4.工業簿記と原価計算はどう違うのですか

工業簿記は、原価計算の結果をもとに、仕訳したり、勘定記入したり、財務諸表を作成したりすることをいいます。原価計算は、その名前のとおり原価の計算までをいいます。ですから、工業簿記の範疇に原価計算は含まれることになります。
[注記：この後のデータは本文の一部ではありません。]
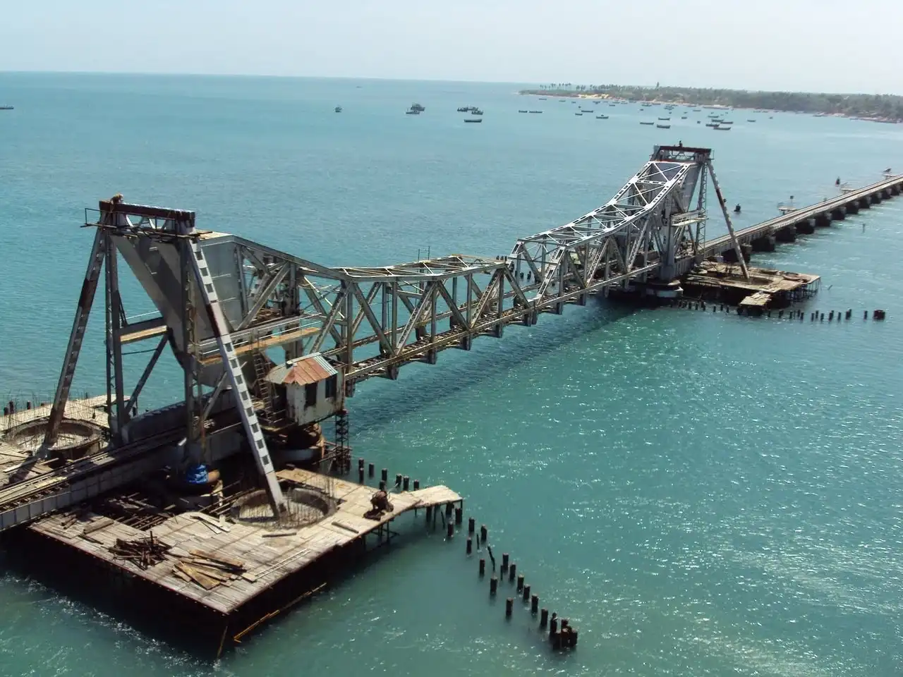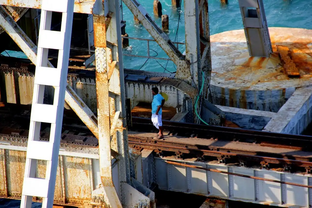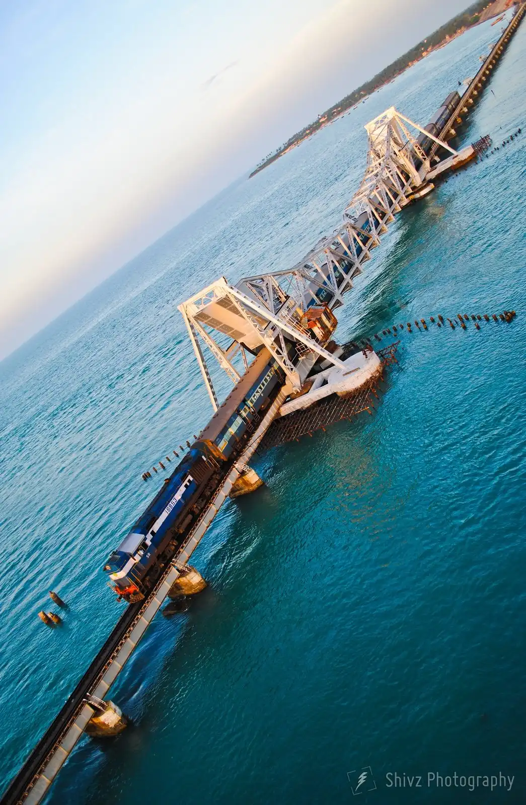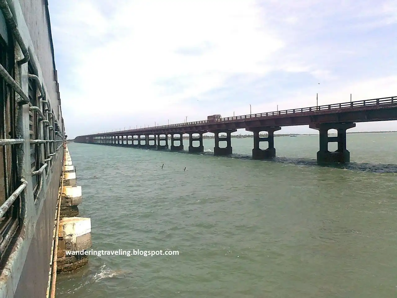 Индийцы дали мосту имя Индиры Ганди, но туристы предпочитают наименование, доставшееся от острова. Мост имеет разводную секцию, которая состоит из двух подъемных арок и служит для пропуска морских судов. Изначально ширина железнодорожной колеи составляла один метр, но в 2007 году индийские транспортники завершили ее модернизацию, и теперь мост может пропускать и стандартные, «широкие» вагоны. Пейзаж, который открывается с моста перед пассажирами проходящих поездов, просто захватывает дух – безбрежный морской горизонт и живописные острова в некотором отдалении.

5.過去に出題された問題を解いてみると「素材」や「買入部品」勘定を使用する場合と「材料」勘定のみを使用する場合があるようですが、どう違うのですか

「材料」勘定は、「素材」「買入部品」「消耗工具器具備品」「工場消耗品」勘定をまとめた統括勘定と考えて下さい。本試験の際に、仕訳問題には使用する勘定が必ず与えられますから、「材料勘定」のみで仕訳する場合と、具体的な科目(「素材」・「買入 部品」勘定)を使って仕訳する場合の区別は付きます。なお、最近の問題は、「材料」勘定のみを使う場合が多いようです。 

6.違う単価の材料を購入していた場合に、棚卸減耗が発生した場合、どの材料単価を使えばよいのでしょうか

先入先出法を用いている場合、古い材料から払出を行う(消費する)という前提に基づいて消費単価を決定するので、手許に残っている材料が、新しい単価のものになります。この前提に基づいて減耗材料の単価も決定します。
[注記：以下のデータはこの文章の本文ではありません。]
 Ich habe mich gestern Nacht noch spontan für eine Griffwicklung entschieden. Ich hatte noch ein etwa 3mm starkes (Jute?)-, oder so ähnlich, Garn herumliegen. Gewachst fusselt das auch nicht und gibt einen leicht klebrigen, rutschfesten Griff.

7.材料の棚卸減耗費は、なぜ製造間接費として処理するのですか

製品との関連における分類によって製造直接費と製造間接費を分類する場合、なくなった材料の原価(棚卸減耗費)は、どの製品を製造するのに、どれだけ材料がなくなったのかを把握することができないので、すべての製品を製造するためにかかる共通の原価としてとらえ、製造間接費として処理します。

8.棚卸減耗費で正常と異常では処理が違うのですか

材料の棚卸しにより生じる棚卸減耗について、正常な範囲であれば原価に含めますが、異常であれば原価外とします。なお、異常な原因による棚卸減耗費は損益計算書(営業外費用又は特別損失)に記載されます。

9.材料の形態別分類における補助材料や、工場消耗品・消耗工具器具備品費が材料費に含まれるのはなぜですか

例えば、消耗工具器具備品費に含まれるスパナやドライバーなどは、直接製品に取り付けられるわけではないのですが、原価計算基準において、「材料費とは物品の消費によって生ずる原価をいい…」と材料費を定義付けしていますから、工場内で製品を製造するために使われる物品の消費額に含まれるので、材料費に含めます。
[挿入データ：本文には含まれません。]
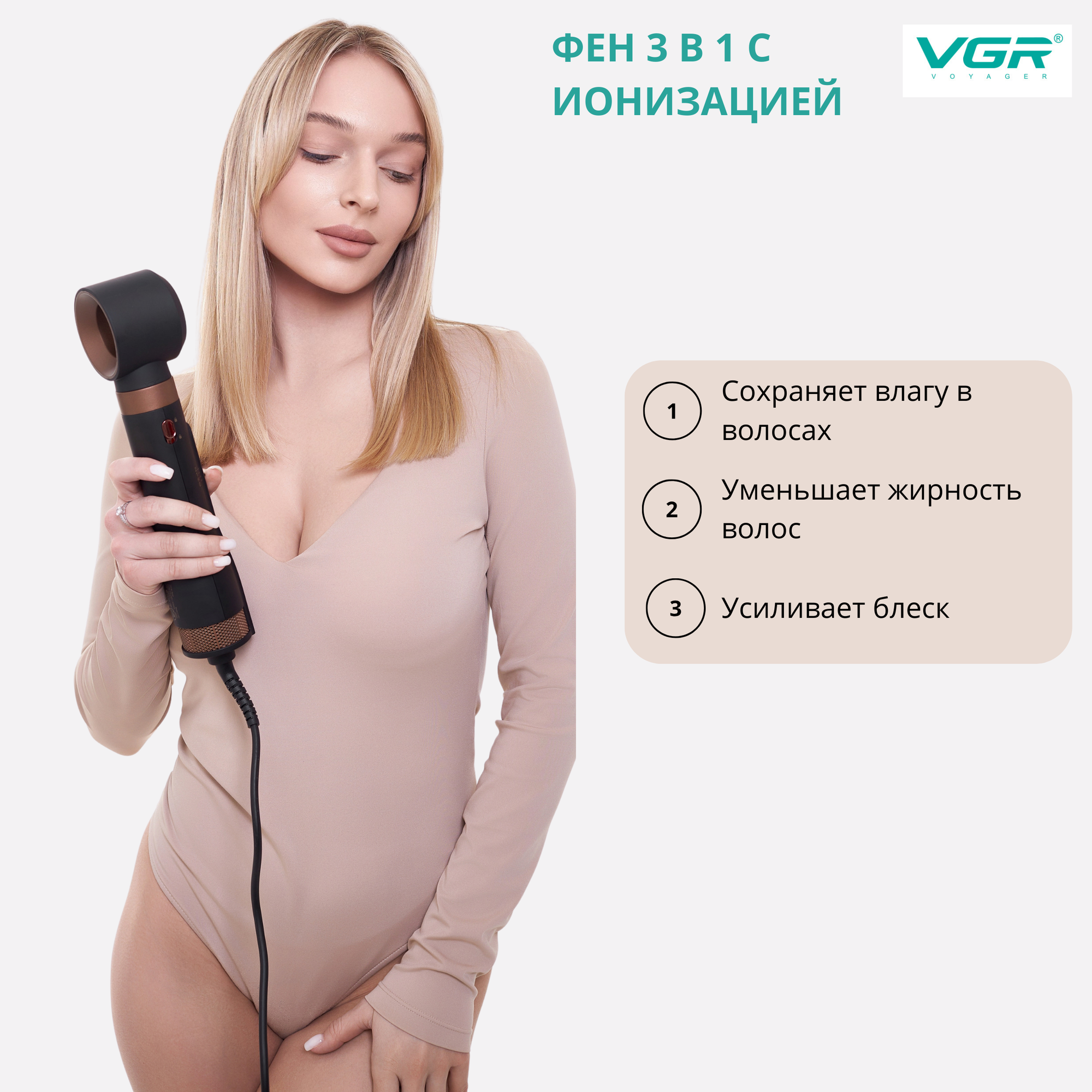 Фен-щетка для волос VGR V-491 интересное:

10.賃金勘定で処理する原価と給料勘定で処理する原価の違いはなんですか

賃金勘定で、工員の給与を処理し、給料勘定で現場監督者や工場事務員に対する給与を処理します。なお、両方を合わせた賃金給料勘定を使う場合もあります。

11.なぜ直接工についてのみ消費賃率を使用し、間接工については消費賃率を使用しないで、要支払額によって消費賃金を算定するのですか

間接工についても直接工と同様に、作業時間を測定して、その作業時間に消費賃率を乗じて、消費賃金を計算する方が原価管理上は好ましいのですが、間接工の作業は直接工のそれに比べて重要性が乏しく、実務上、相当の手数と費用を要することから、簡便的に要支払額により消費賃金を計算します。なお、原価計算基準において「間接労務費であって、間接工賃金、給料賞与手当等は、原則として当該原価計算期間の負担に属する要支払額をもって計算することができる。」としています。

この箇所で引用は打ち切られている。